В конце концов, между ними разгорелся жаркий спор, когда оба кипели от негодования, но предпочитали молчание перебранке и смиренно потупленный взор — гневным тирадам.
Телеграмму же Нони как будто сам Бог послал. От поездки в Венецию Мередиту никак не отвертеться, а в Венеции может быть даже веселее, чем на яхте Эйскью. Облачко, затмившее небосклон семейного благополучия четы Хаусман, развеял свежий ветер. По меньшей мере — на некоторое время.
Для Гарри Кляйнзингера известие о том, что «Продажная троица» будет представлять американский кинематограф на фестивале в Венеции, тоже стало облегчением, хотя и иного рода. Картина была отснята, смонтирована, озвучена и отредактирована. С ней было покончено. Кляйнзингер сидел в своем кабинете за прекрасным письменным столом «Ридженси», на котором громоздились книги, наброски, авторские и режиссерские киносценарии.
Кляйнзингер переживал тяжелый период; когда он заканчивал очередной фильм, для него всегда наступал тяжелый период. Напряжение вдруг резко спадало, и он начинал чувствовать себя брошенным и ненужным. Хуже того, он был уверен, что никогда больше ничего не создаст, что с ним покончено навсегда и на карьере можно ставить крест. Прямо перед ним на письменном столе, за огромным гроссбухом, обтянутым флорентийской кожей с тиснением, между изящными золотыми часами от Картье и ониксовой подставкой для ручек, красовалось изумительное objet d'art[25] — птичье гнездышко, свитое из золоченой проволоки, в котором покоилось крохотное нефритовое яичко.
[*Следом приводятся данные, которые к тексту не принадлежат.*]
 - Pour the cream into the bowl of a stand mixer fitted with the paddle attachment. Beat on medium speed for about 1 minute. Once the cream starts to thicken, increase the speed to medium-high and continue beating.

Время от времени Кляйнзингер брал яичко в руку, катал его на ладони, потом клал на место и тянулся к какому-нибудь другому предмету. Бесцельно листал книги, ворошил сценарии и вновь брал яичко. Он как раз сжимал его пальцами, когда в кабинет вошел Джим Туан, слуга-китаец. Туан держал в руке поднос, та котором стоял телефонный аппарат.
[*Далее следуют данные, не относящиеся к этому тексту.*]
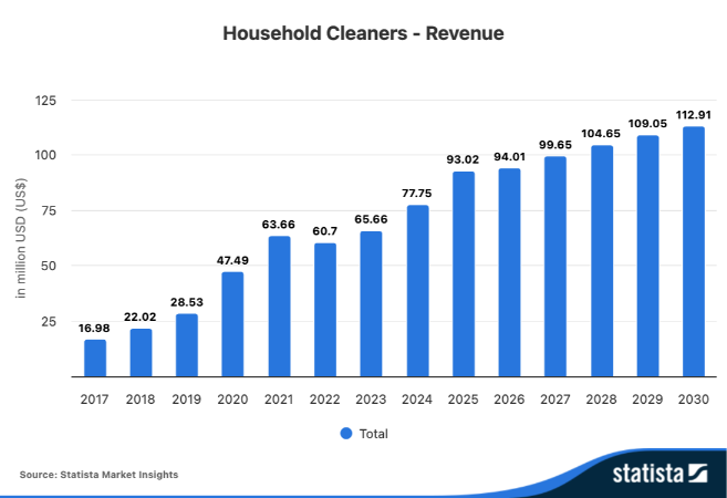 Estos datos recogidos por Statista Market Insights muestran los números reales y las previsiones para los próximos años del gasto en productos de limpieza en los hogares españoles en una horquilla comprendida entre 2017 y 2030.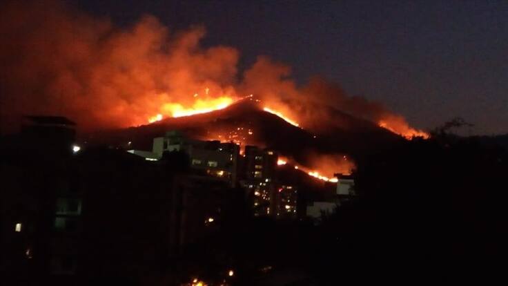 Cerca de 150 bomberos combatieron un gigantesco incendio forestal generado en los cerros de Cali, que rodearon el monumento de Cristo Rey.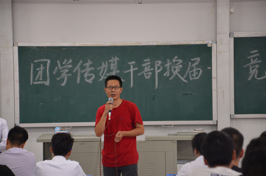 6月20日下午3点,城乡建设学院于明德楼南栋T2教室举办2019届团学传媒干部换届竞选大会。城乡建设学院党总支副书记刘桂江、团总支指导老师廖述海、学生会指导老师宛庭利、传媒中心指导老师何辉、17级辅导员曾艳和徐传鸿老师作为此次竞选的评委出席,三大组织全体成员参加会议。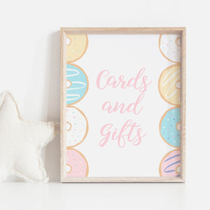 This listing is for an instant download, print-ready Cards and Gifts sign in the donut birthday party theme. The following files will be included with your purchase: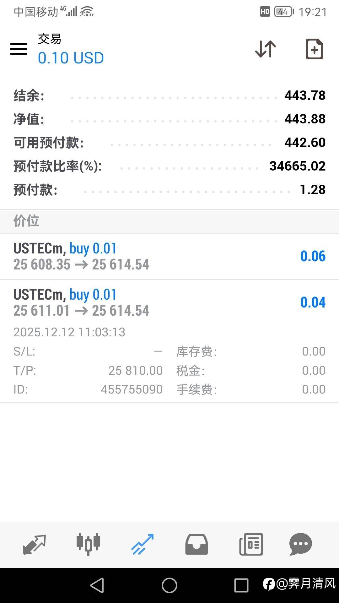 #每日交易打卡#继续三箭齐发,美分户来到3374.27美分,参赛户头经历降息夜,来到443.78美元,打野户头继续恒指纳指持仓,来到153.03美元

— Вас спрашивают, мистер Кляйнзингер, — сказал он.
— Меня нет дома. Сам знаешь.
— Да, сэр. Но этот — важный звонок. Этот звонок вы ответите, я думаю, — сказал Джим. Потом улыбнулся и присовокупил: — Очень важный. Очень хорошие новости.
— Ладно, — кивнул Кляйнзингер. И жестом указал, что Джим может воткнуть вилку телефонного шнура в стенную розетку. Затем снял трубку и выслушал поздравления Марти Голдена по поводу того, что «Продажную троицу» решили выставить на Венецианском кинофестивале.
— Спасибо, Марти, — сказал Кляйнзингер. — Я очень польщен. Без дураков. Спасибо, что позвонил.
Он положил трубку. Слуга унес телефон. Дождавшись, пока дверь закроется, Кляйнзингер потянулся к яичку. Развинтил его на две половинки, убедился, что маленькая пилюлька цианистого калия никуда не пропала, аккуратно свинтил яичко и положил назад, в золотое гнездышко.
А вот Фредди Гринделл в Риме воспринял новость о «Продажной троице» как раз наоборот. Для него она означала продление мук. Он уже написал письмо, положил его в конверт и запечатал. Но отправлять не стал. И еще носил с собой написанную через копирку копию, которую едва ли не каждые десять минут выуживал из кармана, расправлял, читал, потом складывал и прятал обратно. И так продолжалось уже два дня.
Фредди и сейчас сидел за письменным столом, разглядывая копию письма, когда посыльный принес ему телеграмму. Фредди прочитал телеграмму и скатал ее в комочек. Потом уже хотел было бросить комочек в корзину для бумаг, но передумал, положил ее на стол и разгладил.
И снова уставился на копию письма:
«Селестиал Пикчерз»
Рим, Италия
14 июля 1959 г.
Мистеру Мартину Б. Голдену
Президенту
«Селестиал Пикчерз»
Голливуд, Калифорния, США
Уважаемый мистер Голден!
В течение семнадцати лет я верой и правдой работал на благо «Селестиал Пикчерз». Я понимаю, что выслуга лет не дает мне права на какие-то исключительные привилегии, но дает право высказаться начистоту в день моей отставки.
Когда недавно Ваш сын, Мартин Б. Голден-младший, приезжал в римскую студию компании «Селестиал Пикчерз», мне выпала честь сопровождать и развлекать его. Я был рад, что сумел справиться со своей задачей.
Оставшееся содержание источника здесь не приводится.